The point is, up until the B&B's members voted to convert to plc status last April, the society's management, under chief executive Christopher Rodrigues, were vociferous, adamant champions of staying mutual. Ditching mutual status to turn the B&B into a bank would be tantamount to selling a priceless family heirloom for a mess of potage, said Rodrigues and co.

But once the vote to convert came through, the management did a 180- degree turn. Out went more than 100 years of history, in came the highly paid City advisers to put together a stockmarket flotation. Last week the B&B published the outlines of its plans to pay windfalls to members when it converts to plc status next year.

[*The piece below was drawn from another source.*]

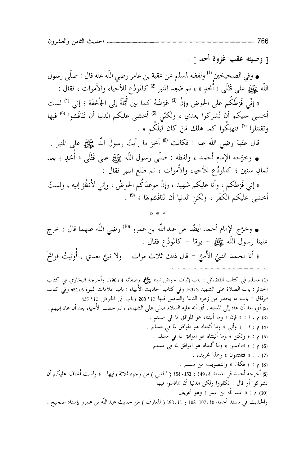 ولفظه: صلَّى رسولُ الله - صلى الله عليه وسلم - على قتلى أُحُدٍ بعد ثمانِ سنين كالمودِّع للأحياء والأموات، ثم طلَعَ المنبرَ، فقال: ((إنِّي فرطُكم، وأنا عليكم شهيد، وإنَّ موعدَكم الحوضُ، وإنِّي لأنظرُ إليه، ولستُ أخشى عليكم الكُفر، ولكن الدُّنيا أنْ تنافسوها)) .

The plan is for a "flat" share distribution scheme, where borrowers and savers will all get the same amount of shares in the new bank, regardless of the size of their respective mortgages and accounts.

At first sight this may seem unfair. This flat distribution is in stark contrast to the payouts in the Halifax and Woolwich conversions, where savers with larger amounts in their accounts got proportionately more than smaller savers.

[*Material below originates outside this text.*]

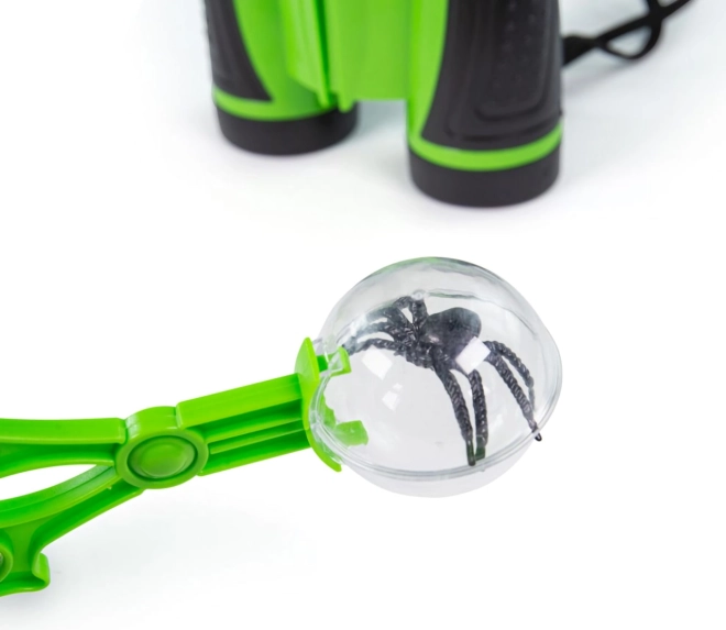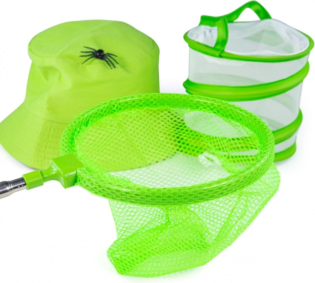 Háló, zsákmánytartó doboz, nagyító, rovarfogó csipesz, távcső és kalap – teljes felszerelés a rovarok biztonságos befogásához és a természet megfigyeléséhez.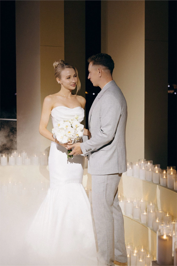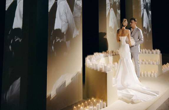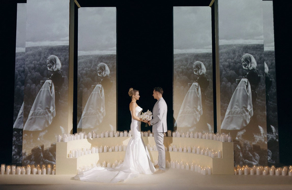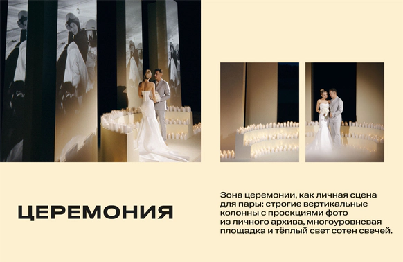 Зона церемонии, как личная сцена для пары: строгие вертикальные колонны с проекциями фото из личного архива, многоуровневая площадка и тёплый свет сотен свечей.

The B&B plan will reward long-standing, loyal customers no better than the most recently joined carpetbaggers. But flat distributions are nothing new. The first society conversion, the Abbey National in 1989, featured a flat structure - everyone got pounds 180 regardless whether they had pounds 100 or pounds 1m. The conversion of Alliance & Leicester was also a flat payout.

From the management's view, such flat schemes are attractive. They are far simpler to administer than trying to calculate proportionate payments for millions of members. This makes the payout process far cheaper.

It also makes it far more likely that the B&B's membership will vote to approve the management's conversion plans next summer. If Mr Rodrigues wants to win his vote, he needs the support of as many members as possible. And among the UK's remaining building societies, 80 per cent of the members have under pounds 500 in their accounts.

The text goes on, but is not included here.